Omit the pictures, then write out every entry exactly as it reads.

Task material:
= = =
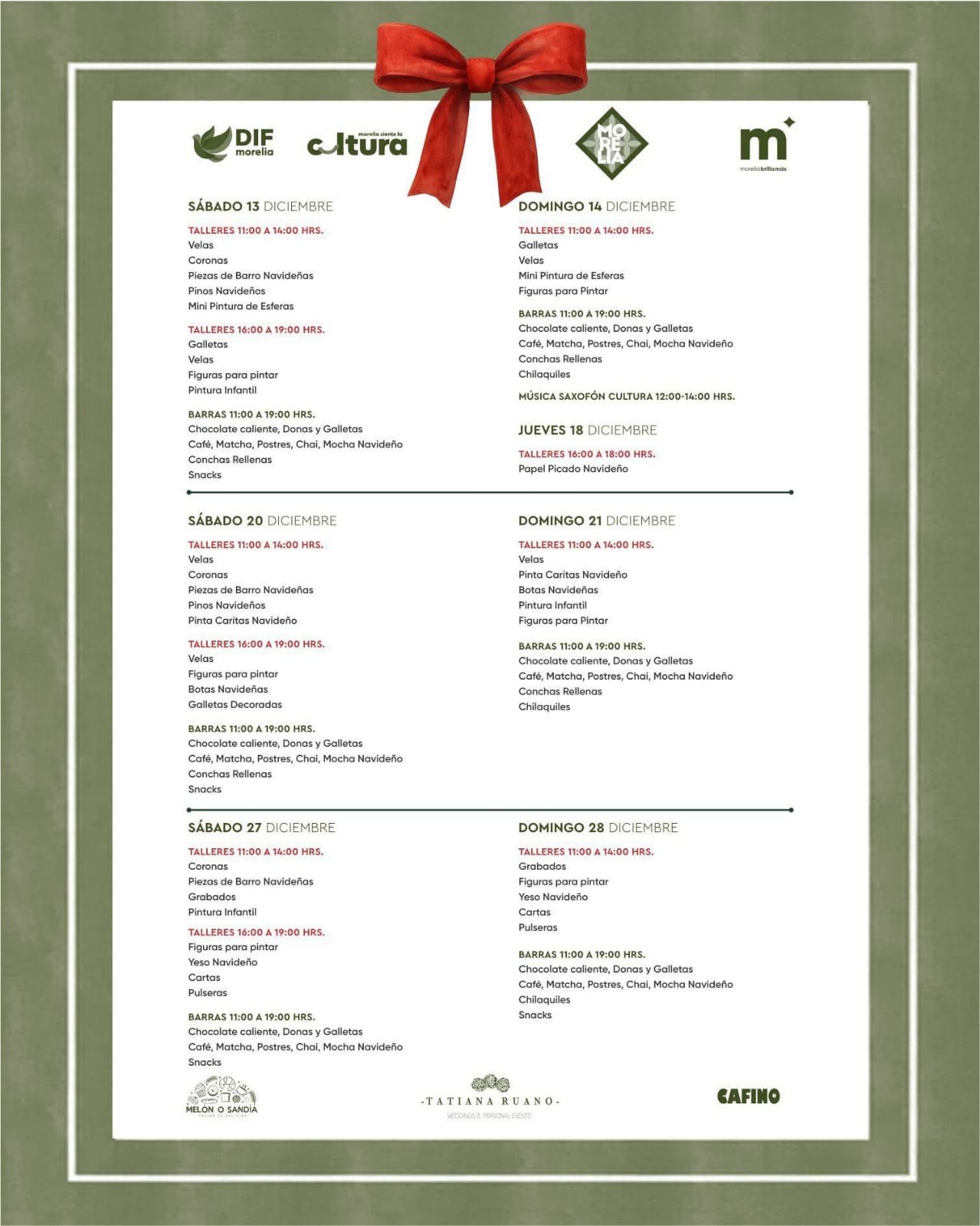 - Talleres creativos: Elaboración de figuras, coronas, esferas, velas decorativas y galletas, con cuotas de recuperación de los 20 a los 200 pesos.
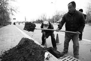 10日,在潍坊市飞机场路上,工人正在清理雨水井里的垃圾。为了保证夏季各个雨水井能顺利排水,市政部门对道路两侧的雨水管道进行疏通,清理井中的垃圾,防止出现雨水存积的情况。
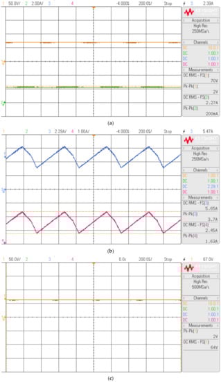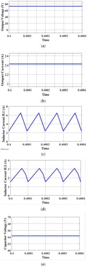 Similarly, during the time interval δ2T, inductor L2 is connected in series to the input source and the current across the inductor increases to a maximum value of 3.1 A for remaining time the inductor is connected to the load while the current across the inductor decreases linearly and reaches its minimum value of 1.8 A. The average inductor current across iL1 and iL2 are 5.7 A and 2.8 A, respectively. Figure 6c,d demonstrated that the converter works in continuous conduction mode. During the time interval δ1T, the capacitor C1 is connected in parallel to the inductor L1, so the capacitor discharges its energy and reaches its minimum value and the remaining time, the capacitor charges via inductor L1 reaching its maximum value of 65 V. Figure 6e, shows the average capacitor value of step-up mode.
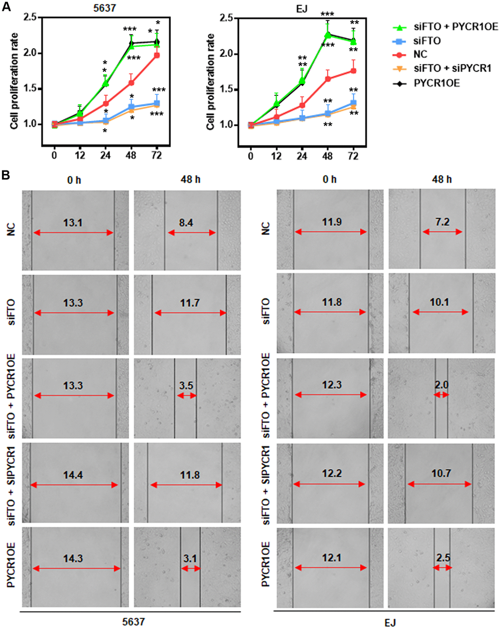 PYCR1 restores FTO-depleted BLCA cell proliferation and migration in vitro
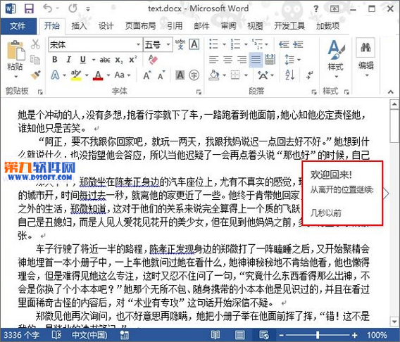 ①我們啟動Word2013,打開需要閱讀的文檔,當閱讀完畢之后,在指定位置鍵入一個空格,然后按下Delete鍵刪除,這樣相當于是沒有作任何更改。
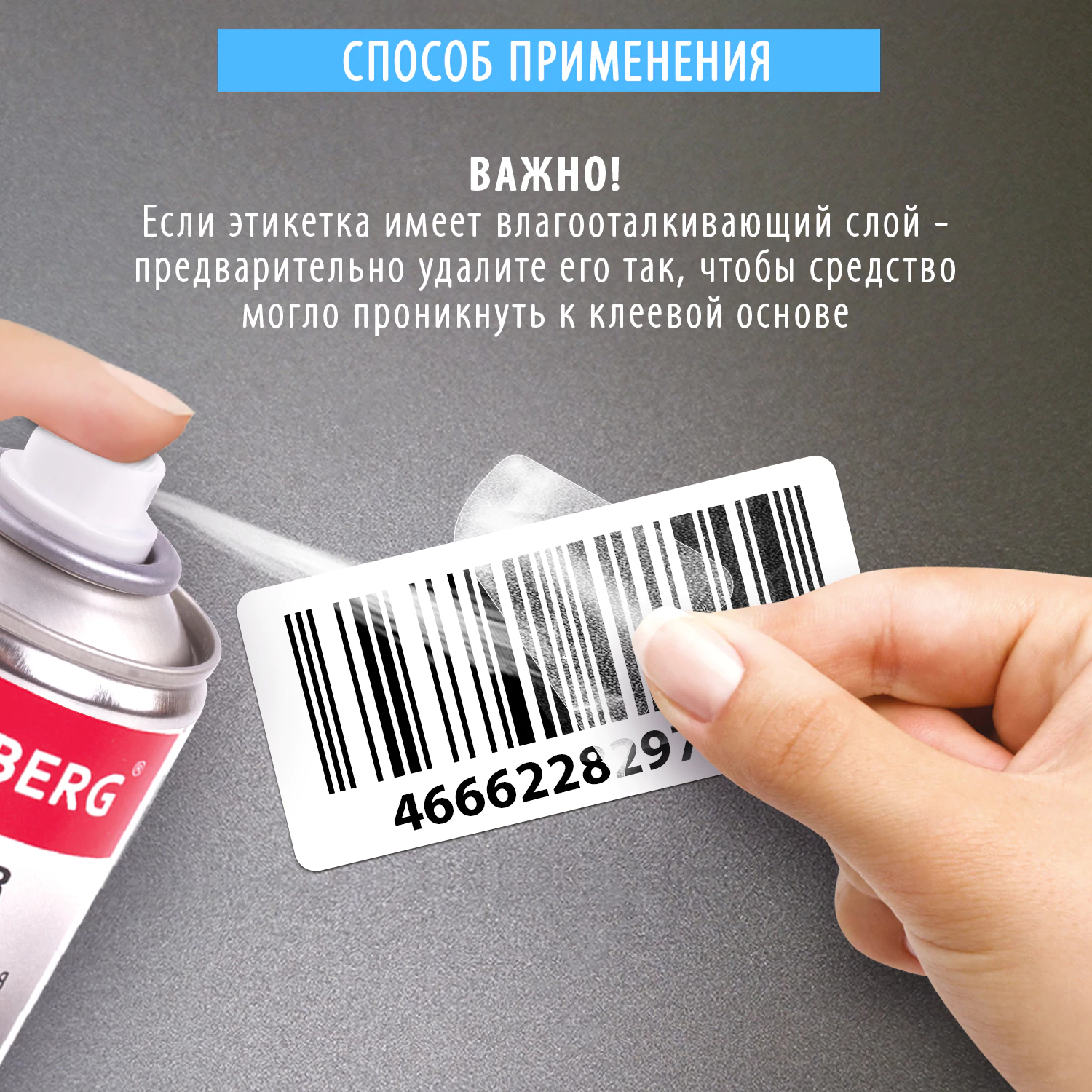 • Если этикетка имеет влагоотталкивающий слой - предварительно удалите его так, чтобы средство могло проникнуть к клеевой основе.
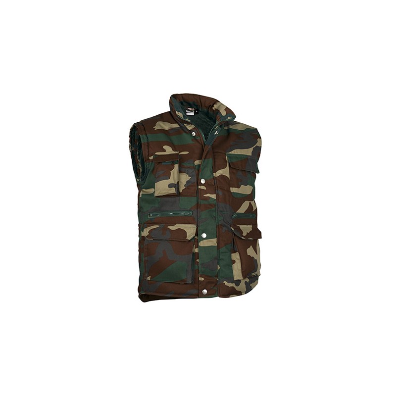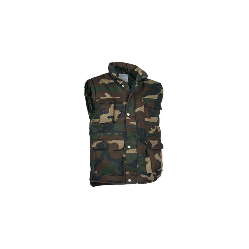 Chaleco multibolsillos confeccionado en tejido de sarga con relleno acolchado y forro interior.
= = =
Written solution:
 - Talleres creativos: Elaboración de figuras, coronas, esferas, velas decorativas y galletas, con cuotas de recuperación de los 20 a los 200 pesos.
 10日,在潍坊市飞机场路上,工人正在清理雨水井里的垃圾。为了保证夏季各个雨水井能顺利排水,市政部门对道路两侧的雨水管道进行疏通,清理井中的垃圾,防止出现雨水存积的情况。
 Similarly, during the time interval δ2T, inductor L2 is connected in series to the input source and the current across the inductor increases to a maximum value of 3.1 A for remaining time the inductor is connected to the load while the current across the inductor decreases linearly and reaches its minimum value of 1.8 A. The average inductor current across iL1 and iL2 are 5.7 A and 2.8 A, respectively. Figure 6c,d demonstrated that the converter works in continuous conduction mode. During the time interval δ1T, the capacitor C1 is connected in parallel to the inductor L1, so the capacitor discharges its energy and reaches its minimum value and the remaining time, the capacitor charges via inductor L1 reaching its maximum value of 65 V. Figure 6e, shows the average capacitor value of step-up mode.
 PYCR1 restores FTO-depleted BLCA cell proliferation and migration in vitro
 ①我們啟動Word2013,打開需要閱讀的文檔,當閱讀完畢之后,在指定位置鍵入一個空格,然后按下Delete鍵刪除,這樣相當于是沒有作任何更改。
 • Если этикетка имеет влагоотталкивающий слой - предварительно удалите его так, чтобы средство могло проникнуть к клеевой основе.
 Chaleco multibolsillos confeccionado en tejido de sarga con relleno acolchado y forro interior.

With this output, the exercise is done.